• **The records**:
= = = = = = =

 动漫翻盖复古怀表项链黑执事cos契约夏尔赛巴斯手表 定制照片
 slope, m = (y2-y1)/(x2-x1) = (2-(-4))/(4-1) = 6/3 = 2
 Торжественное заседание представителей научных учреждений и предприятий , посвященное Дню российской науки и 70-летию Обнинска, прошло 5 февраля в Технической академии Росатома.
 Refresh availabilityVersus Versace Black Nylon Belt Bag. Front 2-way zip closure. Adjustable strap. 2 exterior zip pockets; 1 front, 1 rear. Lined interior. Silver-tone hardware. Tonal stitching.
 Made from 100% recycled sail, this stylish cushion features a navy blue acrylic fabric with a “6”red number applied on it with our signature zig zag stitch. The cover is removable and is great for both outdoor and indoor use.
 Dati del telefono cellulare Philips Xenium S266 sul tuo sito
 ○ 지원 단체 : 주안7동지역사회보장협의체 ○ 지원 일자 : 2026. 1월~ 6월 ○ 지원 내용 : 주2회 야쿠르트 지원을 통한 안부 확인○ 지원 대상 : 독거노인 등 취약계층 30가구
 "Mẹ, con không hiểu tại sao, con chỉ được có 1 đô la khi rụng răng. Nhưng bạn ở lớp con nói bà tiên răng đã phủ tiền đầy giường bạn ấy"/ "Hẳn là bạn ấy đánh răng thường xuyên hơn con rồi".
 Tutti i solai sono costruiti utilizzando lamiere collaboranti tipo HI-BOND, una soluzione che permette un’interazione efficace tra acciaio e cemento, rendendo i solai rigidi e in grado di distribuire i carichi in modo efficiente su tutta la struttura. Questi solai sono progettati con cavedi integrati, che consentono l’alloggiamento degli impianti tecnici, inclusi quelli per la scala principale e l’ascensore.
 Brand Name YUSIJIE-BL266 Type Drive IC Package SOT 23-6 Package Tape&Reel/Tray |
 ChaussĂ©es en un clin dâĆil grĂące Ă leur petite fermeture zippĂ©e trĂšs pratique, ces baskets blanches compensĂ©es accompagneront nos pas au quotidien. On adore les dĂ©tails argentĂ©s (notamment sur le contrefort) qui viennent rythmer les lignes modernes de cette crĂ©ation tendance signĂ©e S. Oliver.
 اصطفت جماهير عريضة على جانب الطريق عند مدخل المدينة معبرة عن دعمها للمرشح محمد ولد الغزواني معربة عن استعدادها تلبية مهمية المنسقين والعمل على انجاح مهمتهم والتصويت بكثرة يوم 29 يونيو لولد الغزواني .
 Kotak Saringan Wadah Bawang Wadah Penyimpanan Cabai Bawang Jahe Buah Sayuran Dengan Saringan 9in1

= = = = = = =

• **Problem details**:
Beginning with the line containing "slope, m = (y2-y1)/(x2-x1)" in the material above, copy every line exactly until you have copied the line containing "con không hiểu".

• **Final answer**:
 slope, m = (y2-y1)/(x2-x1) = (2-(-4))/(4-1) = 6/3 = 2
 Торжественное заседание представителей научных учреждений и предприятий , посвященное Дню российской науки и 70-летию Обнинска, прошло 5 февраля в Технической академии Росатома.
 Refresh availabilityVersus Versace Black Nylon Belt Bag. Front 2-way zip closure. Adjustable strap. 2 exterior zip pockets; 1 front, 1 rear. Lined interior. Silver-tone hardware. Tonal stitching.
 Made from 100% recycled sail, this stylish cushion features a navy blue acrylic fabric with a “6”red number applied on it with our signature zig zag stitch. The cover is removable and is great for both outdoor and indoor use.
 Dati del telefono cellulare Philips Xenium S266 sul tuo sito
 ○ 지원 단체 : 주안7동지역사회보장협의체 ○ 지원 일자 : 2026. 1월~ 6월 ○ 지원 내용 : 주2회 야쿠르트 지원을 통한 안부 확인○ 지원 대상 : 독거노인 등 취약계층 30가구
 "Mẹ, con không hiểu tại sao, con chỉ được có 1 đô la khi rụng răng. Nhưng bạn ở lớp con nói bà tiên răng đã phủ tiền đầy giường bạn ấy"/ "Hẳn là bạn ấy đánh răng thường xuyên hơn con rồi".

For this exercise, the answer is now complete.